Only the lines from the beginning of the data through the line holding "此前,11月6日上午10时,另外一笔约6" belong in the answer, printed exactly and without pictures.

==================================================

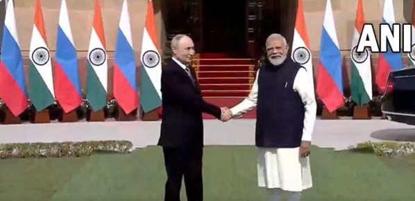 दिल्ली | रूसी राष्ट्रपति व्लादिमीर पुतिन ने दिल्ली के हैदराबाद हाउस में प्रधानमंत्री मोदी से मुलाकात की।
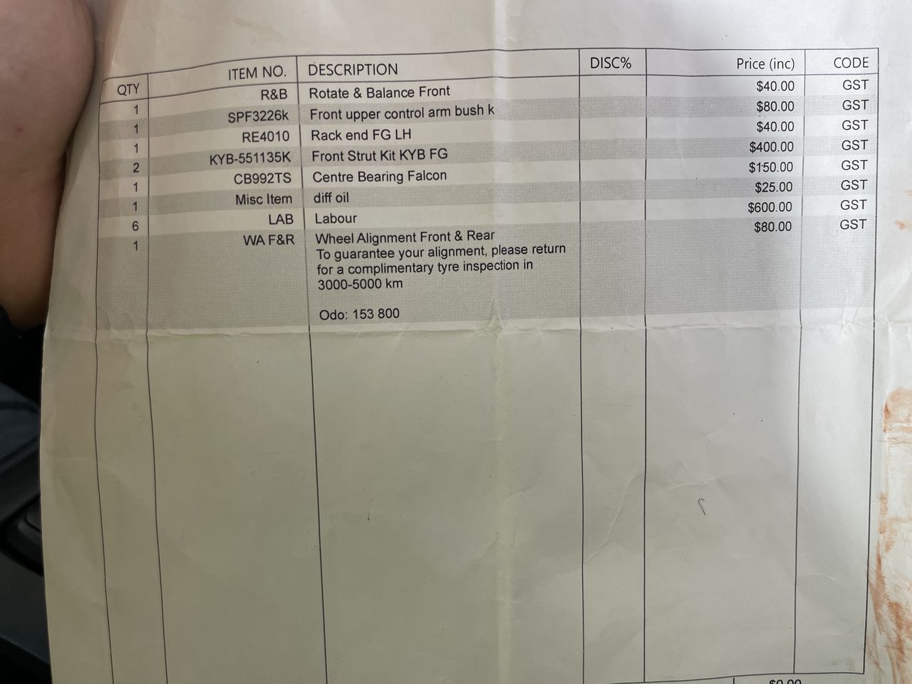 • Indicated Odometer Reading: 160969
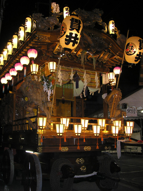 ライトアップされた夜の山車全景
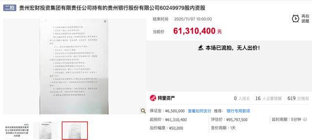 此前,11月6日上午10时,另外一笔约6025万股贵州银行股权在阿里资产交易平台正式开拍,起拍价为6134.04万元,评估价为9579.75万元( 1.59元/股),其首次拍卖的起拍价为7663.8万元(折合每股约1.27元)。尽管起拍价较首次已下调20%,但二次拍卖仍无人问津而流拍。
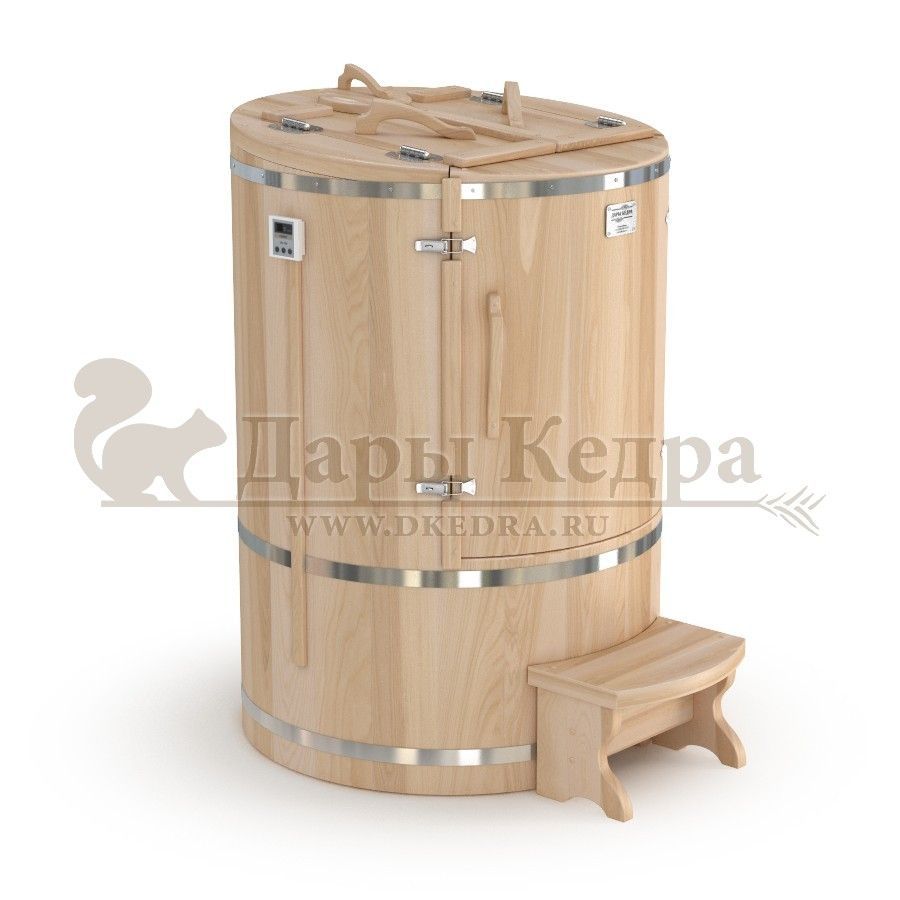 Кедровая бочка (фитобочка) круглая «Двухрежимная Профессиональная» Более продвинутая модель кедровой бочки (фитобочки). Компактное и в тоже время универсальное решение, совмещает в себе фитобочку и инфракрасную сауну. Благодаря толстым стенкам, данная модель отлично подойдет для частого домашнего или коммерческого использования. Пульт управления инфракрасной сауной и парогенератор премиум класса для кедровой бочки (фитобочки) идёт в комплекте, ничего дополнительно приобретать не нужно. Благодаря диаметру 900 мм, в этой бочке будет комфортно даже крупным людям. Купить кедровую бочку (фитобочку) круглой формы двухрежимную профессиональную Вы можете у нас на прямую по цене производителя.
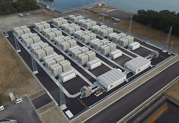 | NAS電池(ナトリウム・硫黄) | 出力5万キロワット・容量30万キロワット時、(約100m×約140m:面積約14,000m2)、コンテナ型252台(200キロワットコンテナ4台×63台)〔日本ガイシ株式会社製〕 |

==================================================

Written solution —
 दिल्ली | रूसी राष्ट्रपति व्लादिमीर पुतिन ने दिल्ली के हैदराबाद हाउस में प्रधानमंत्री मोदी से मुलाकात की।
 • Indicated Odometer Reading: 160969
 ライトアップされた夜の山車全景
 此前,11月6日上午10时,另外一笔约6025万股贵州银行股权在阿里资产交易平台正式开拍,起拍价为6134.04万元,评估价为9579.75万元( 1.59元/股),其首次拍卖的起拍价为7663.8万元(折合每股约1.27元)。尽管起拍价较首次已下调20%,但二次拍卖仍无人问津而流拍。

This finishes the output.